Letter for the Third Sunday of Lent

Fr. Rodolfo D. Vasquez

"Stop making my Father’s house a marketplace". (Jn. 2:16b)

In the passion of the Lord one particular event is most heartbreaking; it is the account of the betrayal by Judas Iscariot, one of the Lord’s disciples. Judas was consumed by his love of money. The accounts of the Gospels describe him as "a thief" because "having charge of the money bag he used to help himself to what was put into it." (Jn. 12:6) His ultimate act of turning from Jesus was his willingness to sell Jesus for "thirty pieces of silver." (Mt. 26:15). Perhaps we should not to be surprised at this treachery. Money and the love of money has always been the real idol worshiping that everyone can easily be tempted to embrace. It is the most dangerous of temptations we face because the "love of money is the root of all evil." (1 Tim 6:10). Jesus saw this tendency in us and warned us of it countless times.

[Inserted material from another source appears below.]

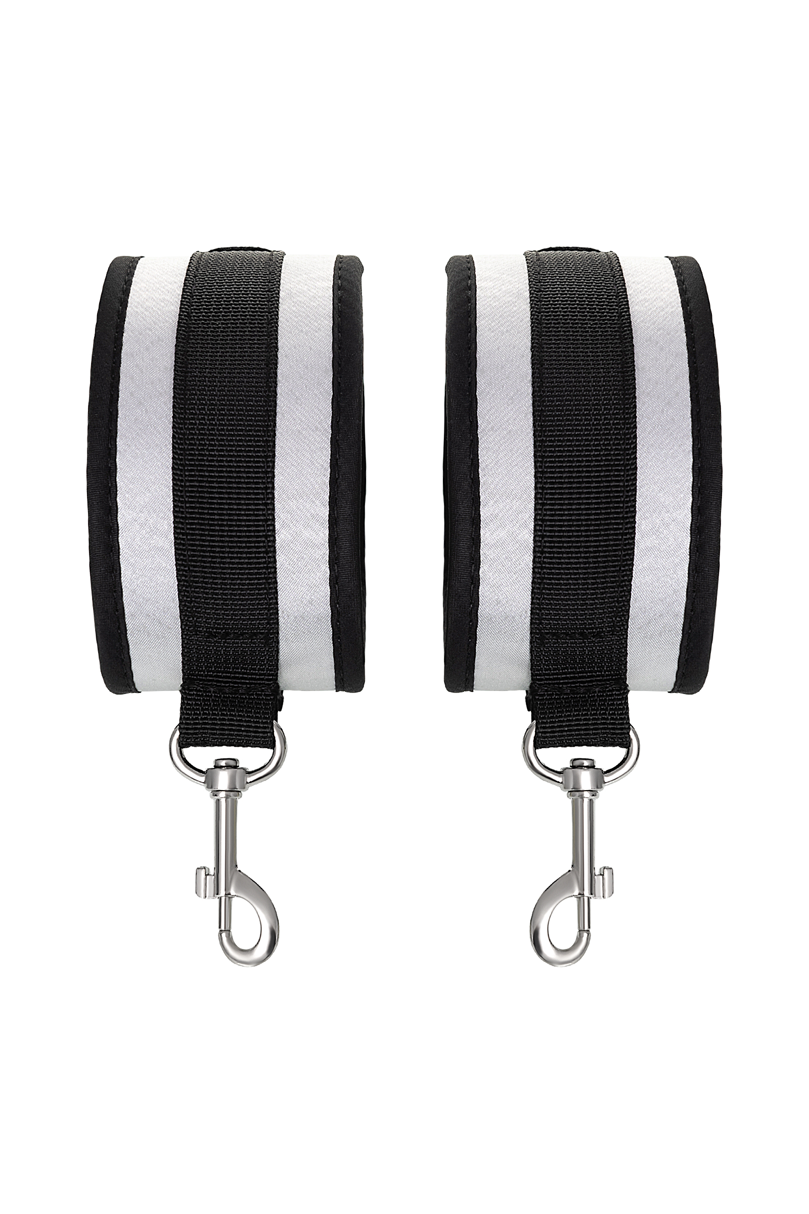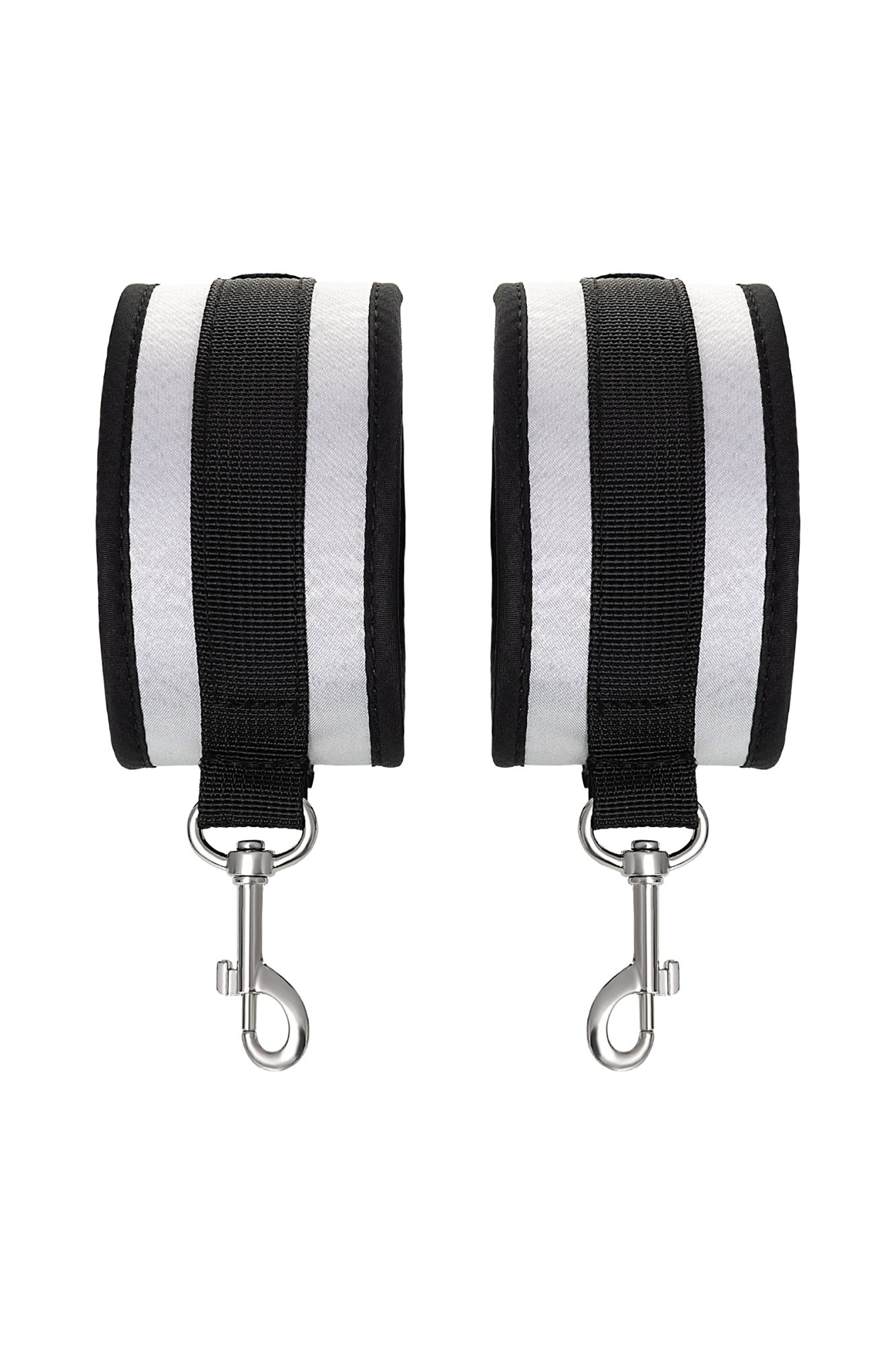 Оковы — классический предмет для игры в подчинение, обязательный для начинающих и опытных поклонников БДСМ. Блестящий во всех смыслах аксессуар для ограничения свободы – сатиновый материал поблескивает, когда на него падает свет. Необычное сочетание серебристого и черного, совсем нехарактерное для классического исполнения аксессуаров в стиле БДСМ, придает изюминку и новизну. Подчиненный с таким аксессуаром выглядит неотразимым. Застежка велкро позволяет зафиксировать ноги любого размера. Между собой поножи скрепляются карабинами, практически не оставляя свободы действий. Никакого послабления, только полное подчинение своему Доминанту. Используйте дополнительно цепочку для расширенных возможностей фиксации положения ног. Начните игру в подчинение с этим аксессуаром, и вы поймете, как развивать свою чувственность с помощью ограничения свободы одного из партнеров. Дополните комплект аксессуарами — ошейником, кляпом, наручниками и продемонстрируйте что значит грубое обращение и полный контроль над свободой. Материал: полиэстер, полипропилен Цвет: черно-серебристый Длина: 28,5 см Ширина: 5,5 см Длина сцепки: 8 см
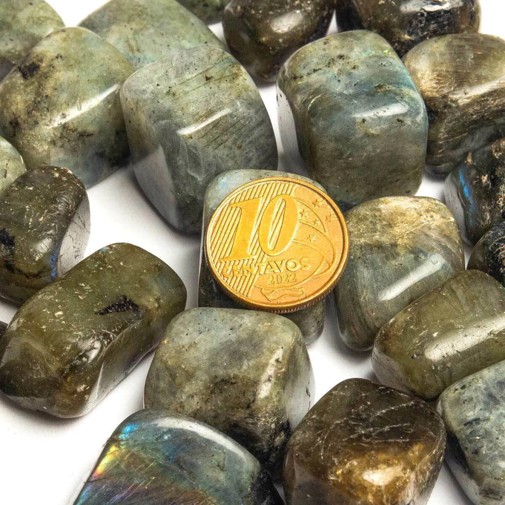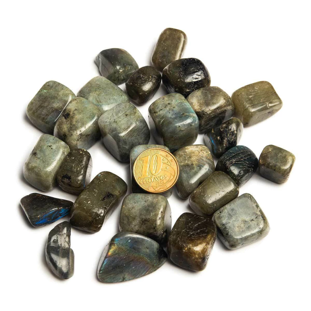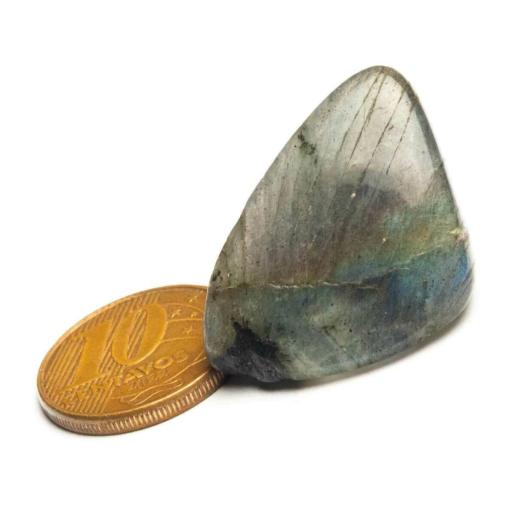 A Labradorita, também conhecida como Spectrolite, é uma pedra natural do grupo dos feldspatos, famosa por seu brilho iridescente que reflete tons metálicos em azul, verde, dourado e laranja, como um arco-íris sob a luz. Cada unidade é cuidadosamente selecionada e lapidada no formato rolado, ideal para uso terapêutico, decoração ou coleção.

When he arrived at the temple, the money changers had turned the House of the Father upside down, no longer a house of prayer, but "a marketplace" (Jn 2:16b). He sternly warned us that we could not serve both "God and mammon" (Mt. 6:24).

The Papal Household preacher, Fr. Raniero Cantalemessa (cf. Good Friday Homily 2014). suggests that the rival to God is not Satan. The true "anti-God" is actually "mammon" or "money" because "money is the visible god in contrast to the God who is invisible". Money becomes an idol, a graven image, the "molten god" (Ex. 34:17) that the 2nd commandment of the Law of Moses warned us against making. The love of money corrupts, it distorts our perception of reality because it forms a false reality an "inversion of all values". The real poverty is the enslavement to this false god. In Jesus’ parable to the rich man who spent his life storing up so much wealth he says: "Fool! This very night your soul is required of you; and the things you have prepared, whose will they be?" (Lk. 12:20) The worship of money makes us so depraved that we turn the God’s House of Prayer into a marketplace. This is why St. Francis of Assisi rejected all possessions and chose to become a poor beggar, because only when freed from the temptation to worship money could he freely become a child of God.

As we continue our examination of conscience we focus our attention on the destructive nature of the idolatry of money by considering a few questions: Have I given into love of money? Do I succumb to its false promises of security and freedom? Am I driven by seeking out money and possessions to the extent that I sacrifice my Christian values, right from wrong, and good from evil? Is my love for money so great that it has caused conflict and strife among my loved ones? Has money transfixed me to the extent that I can see nothing more than the need or desire for more money? Have I become a slave to money? Do I value people based on how much money they have, making friends with only those who have wealth? Have I become greedy and envious of those with more than me? Has my greed made me incapable of sharing with others? Has it made me poor in my generosity? Have I taken or made unfair use of money for my own benefit?

Judas’ betrayal was not an act of treachery because he hated the Lord, rather it was because he loved money more. He gave his weak fidelity to thirty pieces of silver, the modern day equivalent to no more than twenty dollars. Could we be so tempted to be obsessed with money that we betray the Lord? Would we allow money to make us traitors to our spouses, our children, our parents, our family, or our friends? Greater is the value of the commandments of God; "more precious than gold and the heap of purest gold" (Ps. 19:10). During this Lent, let us be honest about our attitude toward money. Let us learn that money must never master us, for if it does, it will lead to our corruption.